→ TRY IT
In the material below, find the line with "이준석 개혁신당 대선" and the line with "In the name", then output both and every line between them exactly, omitting pictures.

→ INFORMATION GIVEN

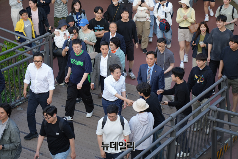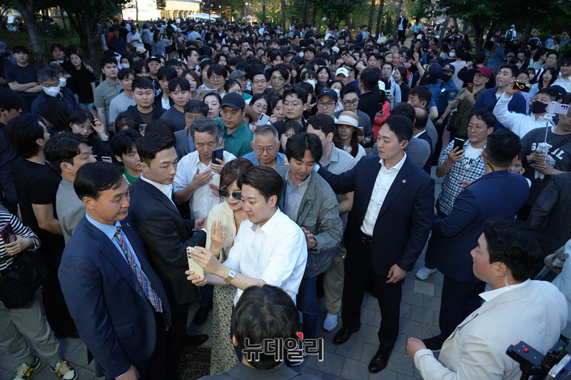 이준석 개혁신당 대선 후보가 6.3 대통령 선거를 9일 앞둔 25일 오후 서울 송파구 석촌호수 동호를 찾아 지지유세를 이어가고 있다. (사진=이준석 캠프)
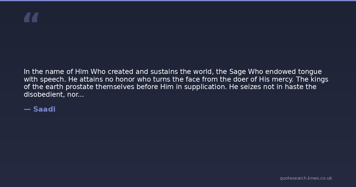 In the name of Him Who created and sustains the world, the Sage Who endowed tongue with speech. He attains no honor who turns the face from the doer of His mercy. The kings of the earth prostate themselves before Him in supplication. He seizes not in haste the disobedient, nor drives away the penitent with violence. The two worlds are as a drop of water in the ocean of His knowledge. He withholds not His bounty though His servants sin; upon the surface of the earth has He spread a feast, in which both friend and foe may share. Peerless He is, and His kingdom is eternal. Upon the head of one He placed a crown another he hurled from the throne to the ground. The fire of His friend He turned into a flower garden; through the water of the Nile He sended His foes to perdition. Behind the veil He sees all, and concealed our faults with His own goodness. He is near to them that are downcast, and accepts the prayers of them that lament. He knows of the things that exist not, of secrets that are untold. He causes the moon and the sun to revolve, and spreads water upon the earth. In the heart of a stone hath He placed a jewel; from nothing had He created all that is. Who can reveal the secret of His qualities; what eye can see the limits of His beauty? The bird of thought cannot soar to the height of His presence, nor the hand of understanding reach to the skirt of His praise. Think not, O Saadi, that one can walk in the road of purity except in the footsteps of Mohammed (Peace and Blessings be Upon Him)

* * *

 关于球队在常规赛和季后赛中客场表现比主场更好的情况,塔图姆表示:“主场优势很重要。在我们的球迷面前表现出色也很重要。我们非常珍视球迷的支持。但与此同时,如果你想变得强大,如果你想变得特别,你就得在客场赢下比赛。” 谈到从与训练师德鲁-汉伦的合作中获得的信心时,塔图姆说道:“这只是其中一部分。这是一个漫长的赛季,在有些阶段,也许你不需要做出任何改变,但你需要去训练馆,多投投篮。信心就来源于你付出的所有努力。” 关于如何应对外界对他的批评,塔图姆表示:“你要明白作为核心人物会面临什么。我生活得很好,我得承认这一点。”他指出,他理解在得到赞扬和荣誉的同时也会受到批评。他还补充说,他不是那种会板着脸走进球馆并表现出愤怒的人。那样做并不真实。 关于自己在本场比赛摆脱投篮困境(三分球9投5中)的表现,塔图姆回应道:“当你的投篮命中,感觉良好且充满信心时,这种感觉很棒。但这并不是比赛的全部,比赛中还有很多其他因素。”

→ TASK SOLUTION
 이준석 개혁신당 대선 후보가 6.3 대통령 선거를 9일 앞둔 25일 오후 서울 송파구 석촌호수 동호를 찾아 지지유세를 이어가고 있다. (사진=이준석 캠프)
 In the name of Him Who created and sustains the world, the Sage Who endowed tongue with speech. He attains no honor who turns the face from the doer of His mercy. The kings of the earth prostate themselves before Him in supplication. He seizes not in haste the disobedient, nor drives away the penitent with violence. The two worlds are as a drop of water in the ocean of His knowledge. He withholds not His bounty though His servants sin; upon the surface of the earth has He spread a feast, in which both friend and foe may share. Peerless He is, and His kingdom is eternal. Upon the head of one He placed a crown another he hurled from the throne to the ground. The fire of His friend He turned into a flower garden; through the water of the Nile He sended His foes to perdition. Behind the veil He sees all, and concealed our faults with His own goodness. He is near to them that are downcast, and accepts the prayers of them that lament. He knows of the things that exist not, of secrets that are untold. He causes the moon and the sun to revolve, and spreads water upon the earth. In the heart of a stone hath He placed a jewel; from nothing had He created all that is. Who can reveal the secret of His qualities; what eye can see the limits of His beauty? The bird of thought cannot soar to the height of His presence, nor the hand of understanding reach to the skirt of His praise. Think not, O Saadi, that one can walk in the road of purity except in the footsteps of Mohammed (Peace and Blessings be Upon Him)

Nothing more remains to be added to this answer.